- **Provided data**:
================================

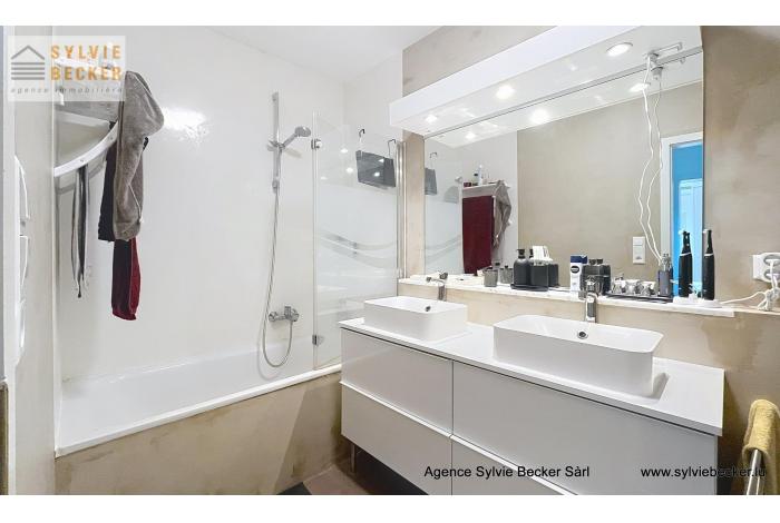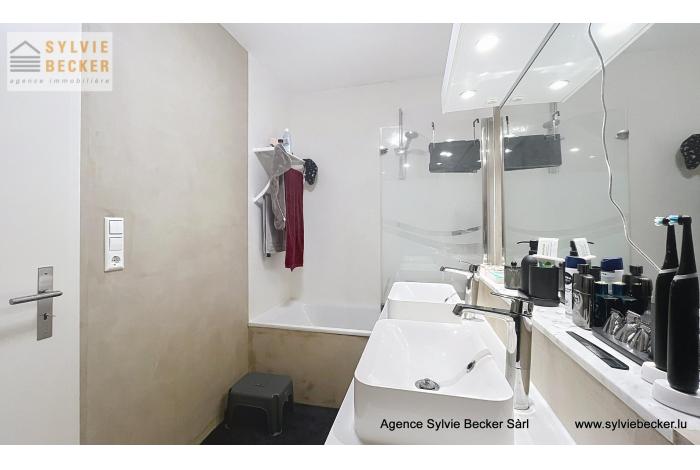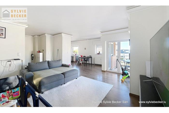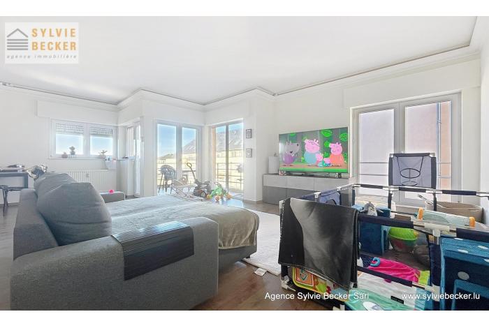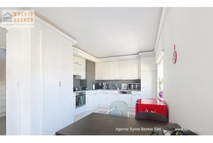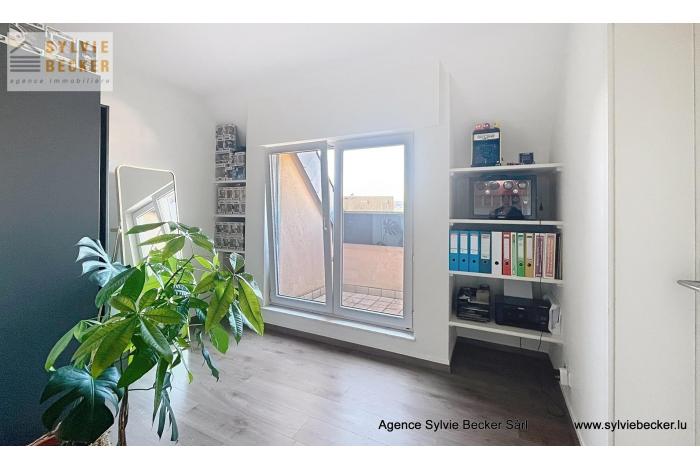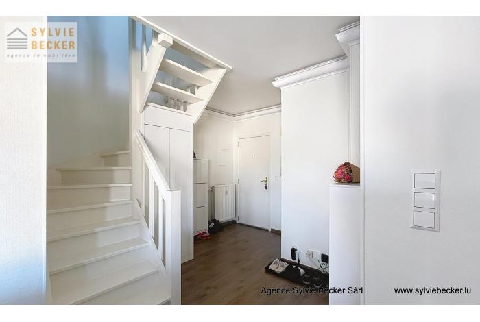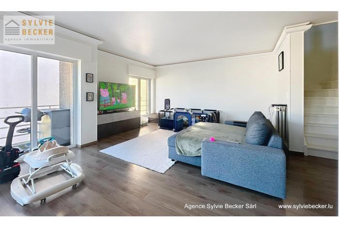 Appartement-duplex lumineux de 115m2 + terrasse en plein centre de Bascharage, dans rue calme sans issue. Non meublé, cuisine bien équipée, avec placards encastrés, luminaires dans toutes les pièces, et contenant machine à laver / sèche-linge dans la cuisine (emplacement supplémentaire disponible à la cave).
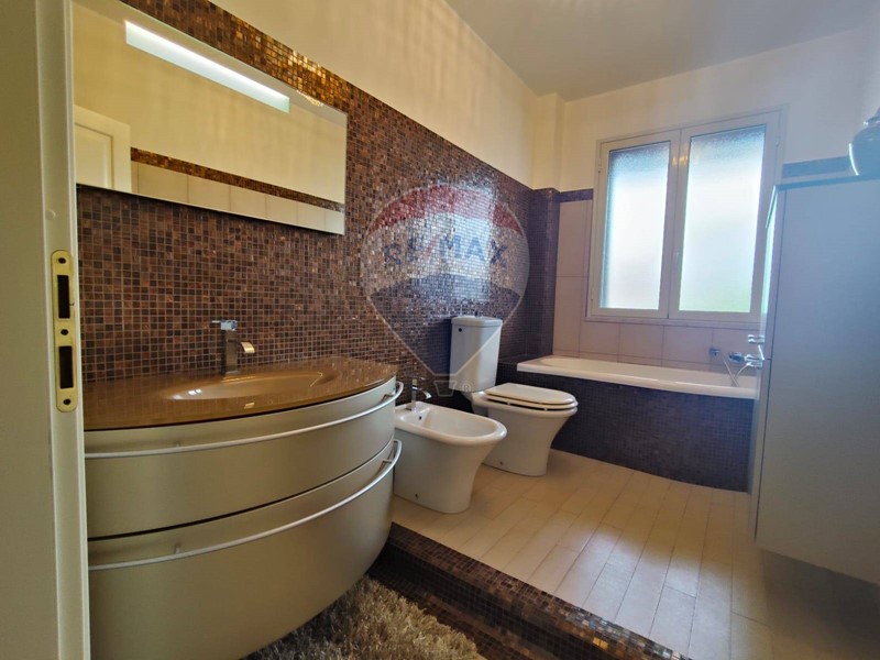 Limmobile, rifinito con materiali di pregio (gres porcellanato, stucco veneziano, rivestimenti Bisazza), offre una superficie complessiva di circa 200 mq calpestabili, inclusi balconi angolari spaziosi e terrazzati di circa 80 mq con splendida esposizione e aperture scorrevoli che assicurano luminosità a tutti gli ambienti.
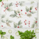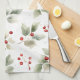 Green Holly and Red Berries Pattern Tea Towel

================================

- **Work item**: Reproduce the listing exactly. Leave its pictures out.

- **Result below**:
 Appartement-duplex lumineux de 115m2 + terrasse en plein centre de Bascharage, dans rue calme sans issue. Non meublé, cuisine bien équipée, avec placards encastrés, luminaires dans toutes les pièces, et contenant machine à laver / sèche-linge dans la cuisine (emplacement supplémentaire disponible à la cave).
 Limmobile, rifinito con materiali di pregio (gres porcellanato, stucco veneziano, rivestimenti Bisazza), offre una superficie complessiva di circa 200 mq calpestabili, inclusi balconi angolari spaziosi e terrazzati di circa 80 mq con splendida esposizione e aperture scorrevoli che assicurano luminosità a tutti gli ambienti.
 Green Holly and Red Berries Pattern Tea Towel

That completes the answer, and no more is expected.